Shelter ByGG - Tiny House Blog

Shelter ByGG

Environmental designers have used cork to create eco-friendly flooring and walls before, but Portuguese designer Gabriela Gomes might be the first person to build an entire tiny house out of the natural material. Her Shelter ByGG project is an experimental, habitable, cork module that can be placed in an empty public space where it will obtain its energy from the sun’s rays.

This futuristic caboose-like structure is insulated, weather-proof and lightweight. It can be delivered by flatbed truck to any location and contains a living area, a bedroom for two people and a small bathroom. Gomes intended the design to be a totally private space placed in a totally public arena: something comfortable in an unexpected location. She also wanted the structure to be made of 100 percent sustainable and recyclable materials topped by solar panels. Currently, the Shelter Bygg can be rented by the night for 100€ ($125) for two people. To learn more, visit the Shelter ByGG website and reservations form.

Photos courtesy of Joao Morgado and Gabriela Gomes

By Christina Nellemann for the [Tiny House Blog]


Join Our eMail List and download the Tiny House Directory

Simply enter your name and email below to learn more about tiny houses and stay up to date with the movement.

Click Here to Leave a Comment Below

deegan klose - July 5, 2012 Reply

thats probably the strangest looking thing ive ever seen lol

Pedro pacheco - July 7, 2012 Reply

Well done project.i live in portugal- porto and i will contact you to see it live.pedro pacheco

Lynne - July 7, 2012 Reply

Looks cool from the outside, but I started feeling claustrophobic just looking at the interior pics! It takes someone special to live that tiny with so few windows and such oddly shaped spaces.

Cindy - July 7, 2012 Reply

Is the exterior a covering of some sort or painted?

maryj - July 7, 2012 Reply

this is really great.

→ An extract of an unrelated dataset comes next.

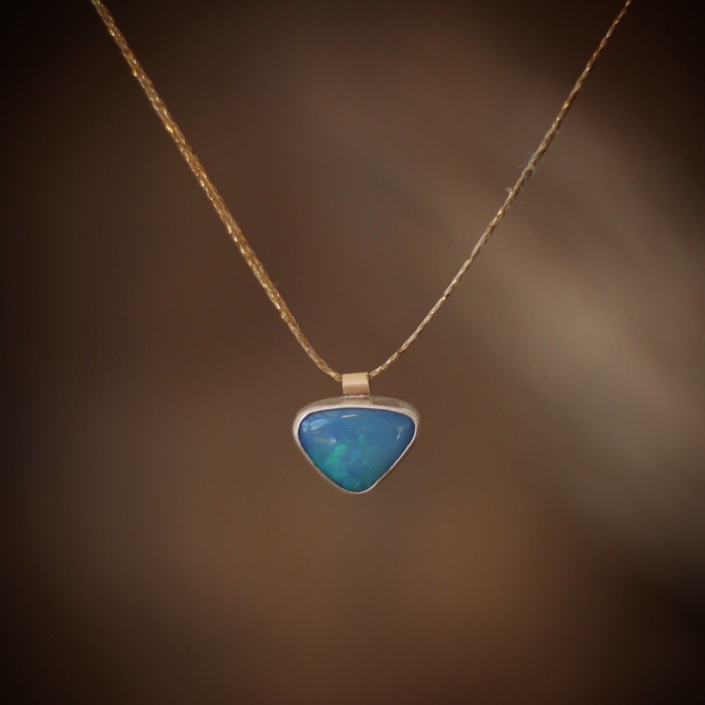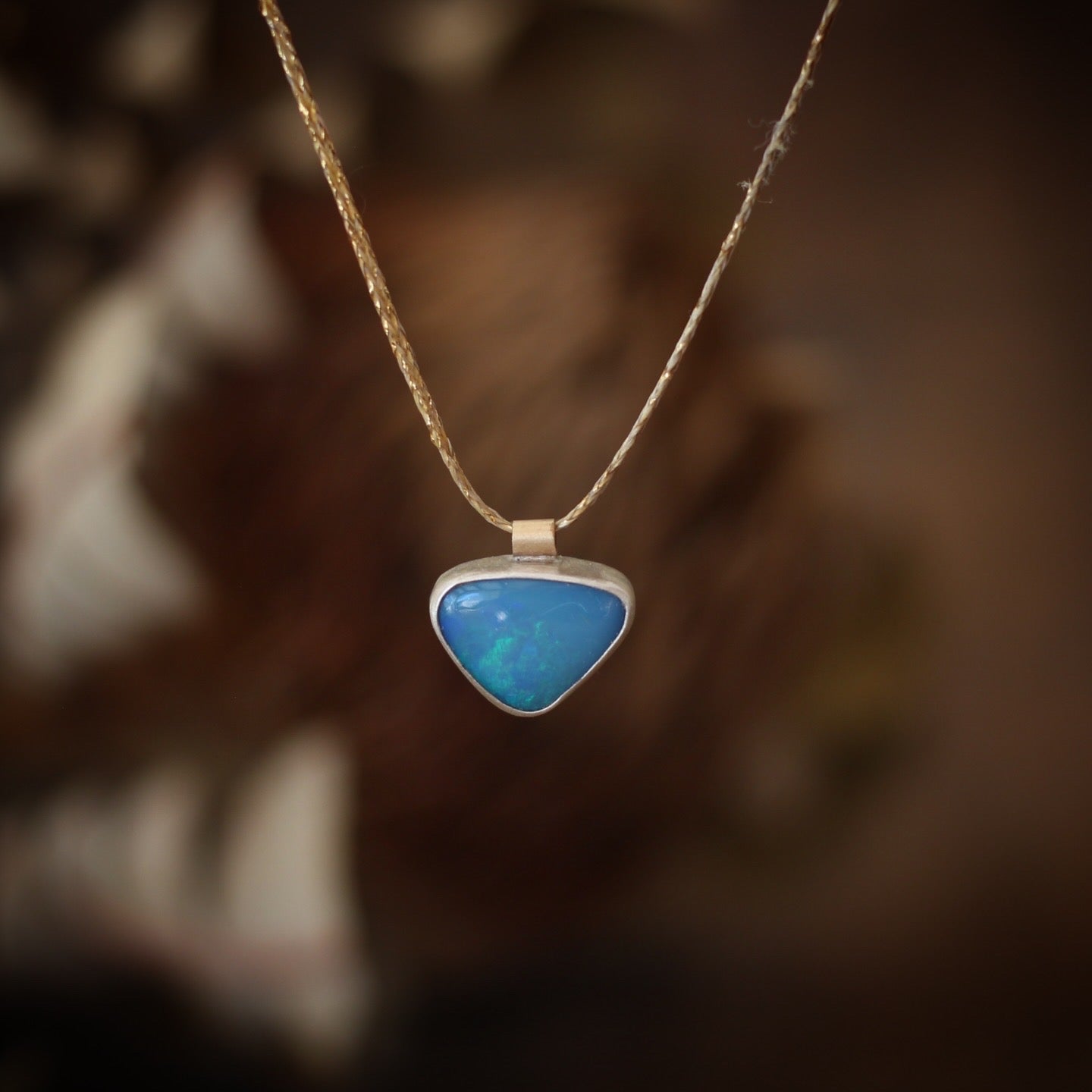 This simple but beautiful necklace is made from a glimmering Austalian Opal doublet that has a vibrant, deep blue glow. It is set in a simple sterling silver setting and hangs from a 14 k gold-filled tube bale and 18" gold cord with a sterling silver spring clasp.

My grandkids would think it was specially for their enjoyment and playtime.

Michael Bednarek - July 7, 2012 Reply

I think “maryj” “hit the nail on the head”. Most of the tiny house designs are just play-houses and would need some serious modifications to be up-to-code especially in the city. However,in an emergency EG: after earthquake housing tiny houses would become more feasible.

Rain23 - July 8, 2012 Reply

It’s a good size for a bedroom. I can see a series of these set around a main cooking/living space like a great hall. Gives everyone privacy when they need it but a large community space to gather in. I would like a green one. It’s a great creative idea and should be pretty well insulated due to its material.